TRY IT:
From the entries below, retype only the lines from the one with "Fleurs jaunes solitaires" through the one with "Cut from a mid-weight", exactly as written.

AVAILABLE RECORDS:
================================

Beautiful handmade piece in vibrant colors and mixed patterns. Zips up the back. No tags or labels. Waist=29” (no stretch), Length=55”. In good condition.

================================

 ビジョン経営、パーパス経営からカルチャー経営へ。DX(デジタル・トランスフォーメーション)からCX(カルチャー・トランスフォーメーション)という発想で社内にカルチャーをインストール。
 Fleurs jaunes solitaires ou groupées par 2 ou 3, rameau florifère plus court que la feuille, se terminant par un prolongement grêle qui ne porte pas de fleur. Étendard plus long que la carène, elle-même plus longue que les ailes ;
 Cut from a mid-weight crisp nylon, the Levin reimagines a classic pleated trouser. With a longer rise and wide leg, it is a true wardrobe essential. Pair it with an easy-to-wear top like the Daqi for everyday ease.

================================

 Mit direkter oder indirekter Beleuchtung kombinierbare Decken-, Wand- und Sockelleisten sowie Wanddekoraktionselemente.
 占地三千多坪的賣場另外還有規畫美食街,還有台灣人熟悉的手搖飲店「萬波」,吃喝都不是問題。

================================

REPLY TO THE TASK:
 Fleurs jaunes solitaires ou groupées par 2 ou 3, rameau florifère plus court que la feuille, se terminant par un prolongement grêle qui ne porte pas de fleur. Étendard plus long que la carène, elle-même plus longue que les ailes ;
 Cut from a mid-weight crisp nylon, the Levin reimagines a classic pleated trouser. With a longer rise and wide leg, it is a true wardrobe essential. Pair it with an easy-to-wear top like the Daqi for everyday ease.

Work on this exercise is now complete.